Fluorescence Minus One

Arterial partial pressure of oxygen

Peripheral blood mononuclear cells

Receiver operating characteristic (curve)

Severe acute respiratory syndrome coronavirus 2

Oxygen saturation

Single‐stranded RNA

Toll‐like receptors

T regulatory cells

INTRODUCTION

The recent emergence of Coronavirus disease 2019 (COVID‐19) pandemic has dramatically accelerated the characterization of diverse antiviral immune‐mediated mechanisms aimed at controlling this emergent illness. COVID‐19 is caused by the Severe Acute Respiratory Syndrome CoronaVirus 2 (SARS‐CoV‐2) and may generate asymptomatic or mild symptomatic infection in most patients. In contrast, other infected people suffer from severe acute respiratory distress syndrome (ARDS) with a poor prognosis.

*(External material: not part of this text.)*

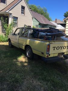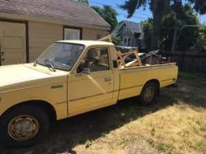 When I was 26, I was living on top of the Star E Rose on Alberta and wanted a truck because I wouldn’t leave the house if it was raining and it was always raining. I found this little yellow pickup for $800 on Craigslist in St. Johns. When I got there and drove it, it only ran in 1st and 3rd gear but I was so in love and optimistic I offered the guy $700 and drove it back home.

The severity of COVID‐19 depends on the balance of host immune responses against viral stimuli. Deep immune‐profiling studies of SARS‐CoV‐2 infected patients have documented several immune dysfunctions that correlate with disease severity, including lymphopenia, altered type I IFNs response, myeloid cell aberrations, and high levels of inflammatory cytokines (cytokine storm). , , The latter has a significant role in severe/critical COVID‐19 manifestations, including ARDS.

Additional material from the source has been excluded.